# Socializing Puppies



## cmdukes (Jan 2, 2009)

Hi All!!

I am so excited because I will be picking up my new girl in two weeks. This past weekend I went and spent some time with the little girl and the litter. In speaking with the breeder, I asked him his opinion on when I can start introducing my V to other dogs (this is my 1st). My sister and friends all have small breeds. He said to me that he would wait until around 16 weeks to make sure that there is no transfer of any disease. 

When I pick up my V, she will have had her first set of shots and then her 2nd will be done two days after picking her up. 

16 weeks sounded like a long time to start socializing her. I know, you can't be sure where other dogs have been or what they are carrying, but it still, I seems long.

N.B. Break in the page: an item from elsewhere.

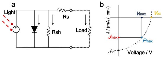 The detailed principles of solar cells have been explained by Nelson et al. in ref. [60]. In brief, the equivalent circuit diagram of a solar cell is displayed in Figure 4a. The equivalent circuit parameters are the series resistance, shunt resistance, and load [61]. When light is irradiating the device (Figure 4b), the voltage across the device is biased with the load. Therefore, the characteristics of perovskite solar cells are determined by measuring the current density. The PCE is evaluated from the short-circuit density (Jsc) and the open-circuit voltage (Voc) using the following equation [62]: , where Pmax and FF are the incident power from the solar irradiation and fill factor, respectively. The value of the FF is the ratio of Pmax (JmaxVmax) to the product of Jsc and Voc. It should be noted that these important parameters have provided great guidance for evaluating PSCs [63].

I just wanted to get everyone's op pinion on this....


----------



## linkkm (Jan 4, 2009)

We waited until Nico got all of his shots to socialize him with dogs that we didn't know (like at the dog park). Before he got all of his shots though, I felt comfortable introducing him to pets of friends because I knew that they kept their dogs shots current.


----------



## Kailua (Feb 12, 2009)

Better safe than sorry to wait a little while longer to introduce your new pup to other dogs. I'm weary of taking my dog to some dog parks since I've heard that other dogs contracted Kennel Cough from the parks...yikes! Ask your vet-I'm sure they can give you some advice. Enjoy your new pup!


----------



## Lisa (Feb 18, 2009)

I'm also getting my new pup in two weeks. 16 weeks seems like so long to have to wait to walk the dog freely. I had planned to socialize mine to friends with dogs. I know their dogs are well looked after and have been vacinated but I've recently changed my mind.

I've been reading a new book by Ian Dunbar called 'Before & After Your New Puppy'. So far it's been a very good read. His theory is that after the puppy has had it's second shots you can take them out for walks but still be careful cause it takes a few weeks for the shots to really take effect.

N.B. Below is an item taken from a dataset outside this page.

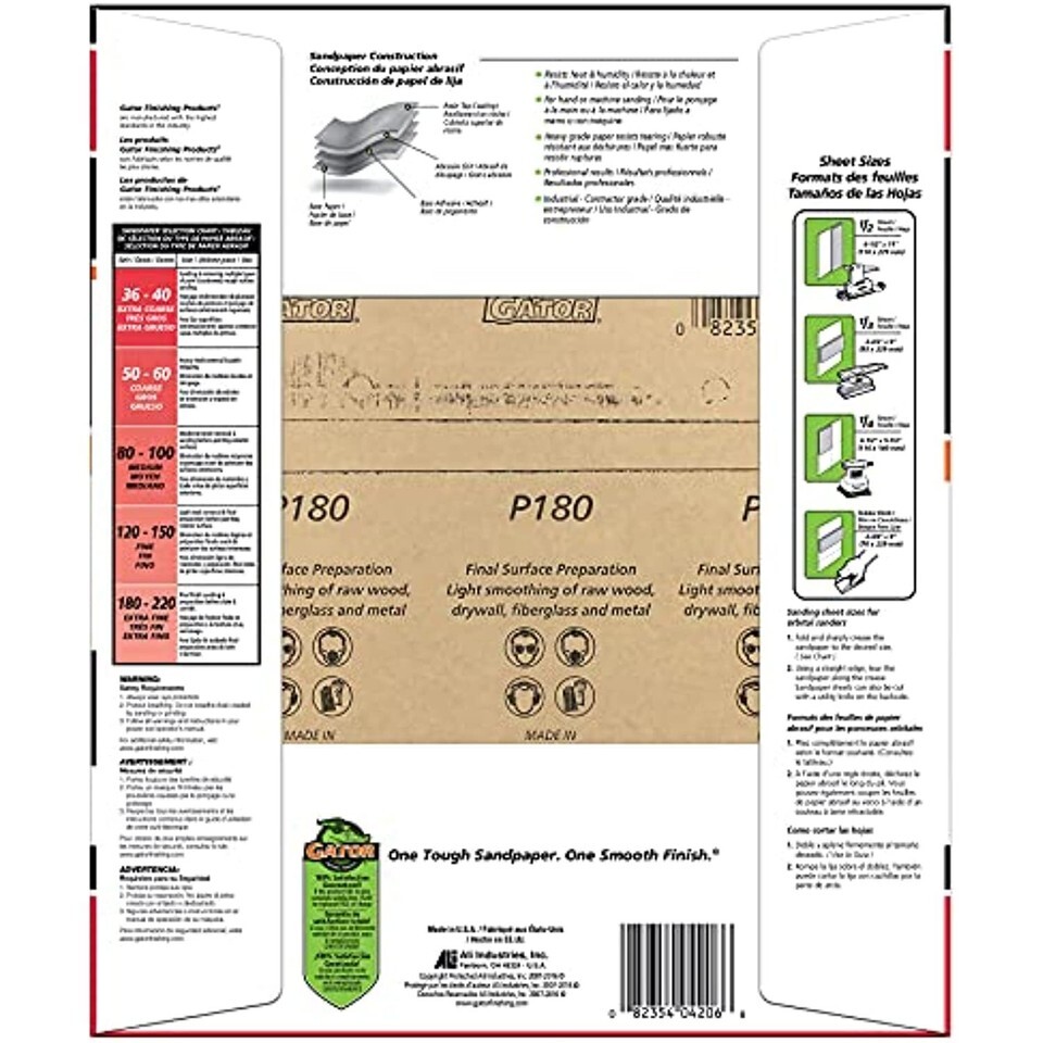 Product Description Multi-purpose aluminum oxide sandpaper provides excellent performance at a value price. These sheets are ideal for both hand and power tool sanding on wood, metal, fiberglass and painted surfaces. Aluminum oxide is a durable grain that is recommended by professionals for general sanding a wide variety of surfaces. From the Manufacturer Gator Grit 25 Count 9" x 11'' 180 Grit Extra Fine General Purpose Sandpaper. The 180 grit extra fine sandpapers are designed for use on wood, metal, drywall, fiberglass and painted surfaces. You can use these sheets to sand by hand or with a machine. The sheets can also be used with an orbital sander by cutting the sheets into 1/2 sheet, 1/3 sheet or 1/4 sheet to fit your orbital sander.

He also wrote that even visiting with trusted dogs is not a good idea if those dogs spend time in dog parks or in highly dog populated areas cause they could track in parvo on their feet. It seems it's more critical before 16 weeks to socialize with people rather than dogs.

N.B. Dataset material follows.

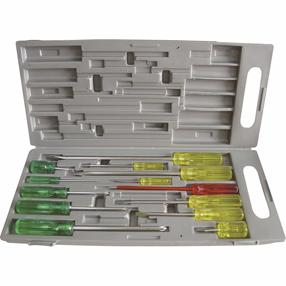 A great general screwdriver set, this 13 piece screwdriver set by SCAcontains screwdrivers with carbon steel blades that are fully hardened and chrome plated for added durability. If you need reliable screwdrivers to use around your house, this set has all the basics you might require.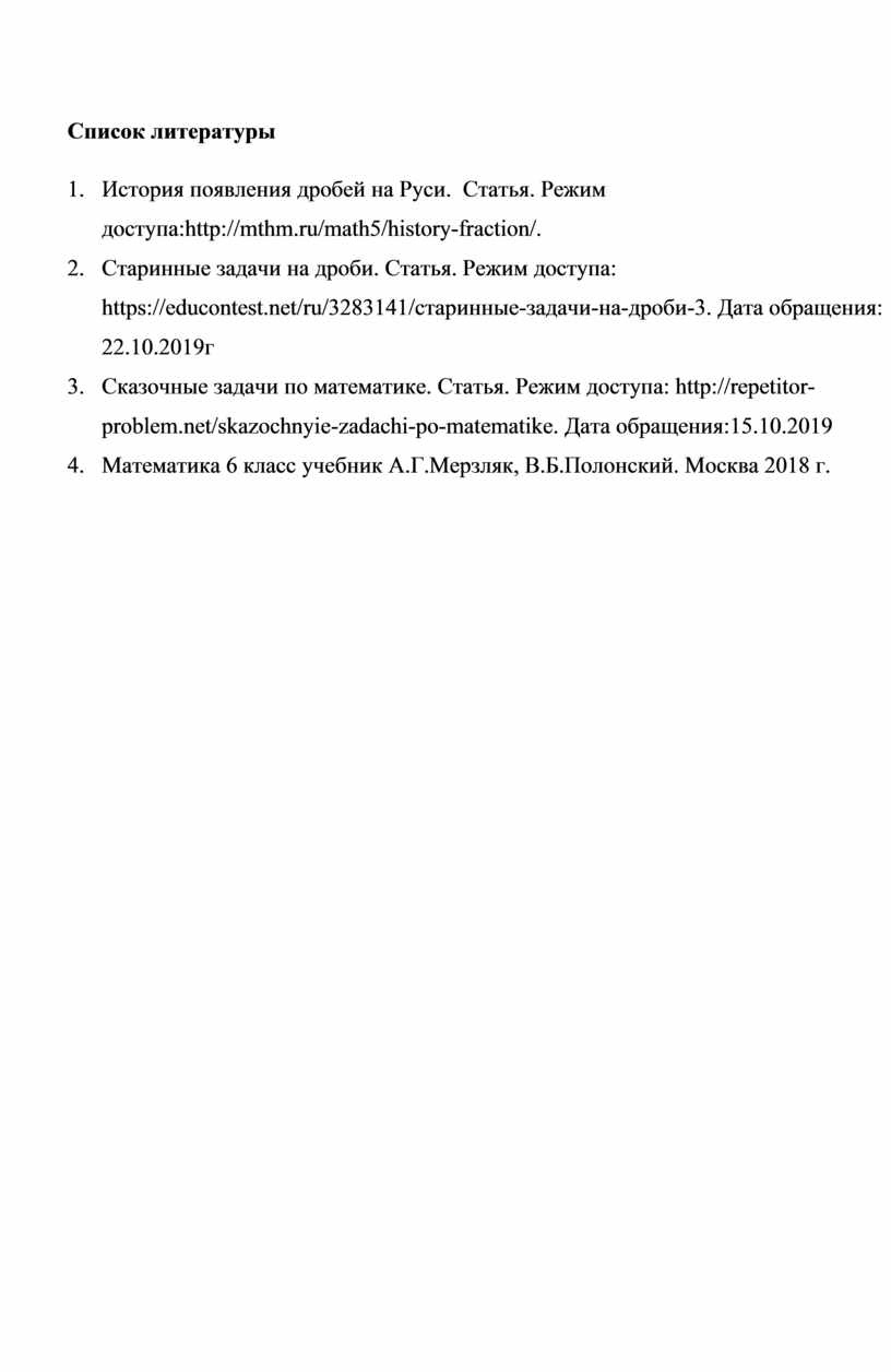 2. Старинные задачи на дроби. Статья. Режим доступа: https://educontest.net/ru/3283141/старинные-задачи-на-дроби-3. Дата обращения: 22.10.2019г

We've been counting down the days till our pup comes home. We've been to the breeder twice to visit him. It's amazing how fast they grow.


----------



## cmdukes (Jan 2, 2009)

thanks for the responses....

Lisa..that sounds like a good read. I have been reading a lot myself and I will have to pick up that book as well. That is exactly how my breeder put it about the dogs carrying virus in on their feet. Even know you might trust your family's or great friend's dogs and know they have all their shots, you never know what they pick up out side or from a dog park. 

I am counting down the days as well...They really do grow fast!!!! 

Kailua...I think you are right...better safe then sorry...


----------



## Kailua (Feb 12, 2009)

My dog is a VERY social animal. He'll stop in his tracks to want to say, "Hello" to another dog. In Hawaii, when people are friendly and easy to get along with they get the nickname of "Joe Aloha". When he comes across another dog-he doesn't bark-but has the urge to want to say hi in dog language. He's 8 months old and everyone in our neighborhood knows our dog. This is really a fun breed to have.


----------



## UplandV (Feb 8, 2009)

Socialization is most important BETWEEN 8-16 weeks. After 16 weeks some personality traits are set in. Puppy kindergarden is also a very good way to socialize your dog with other puppies and dogs of all ages. 

Your dog should have some immunities from the breast milk of it's mother, in addition to the shots it's gotten.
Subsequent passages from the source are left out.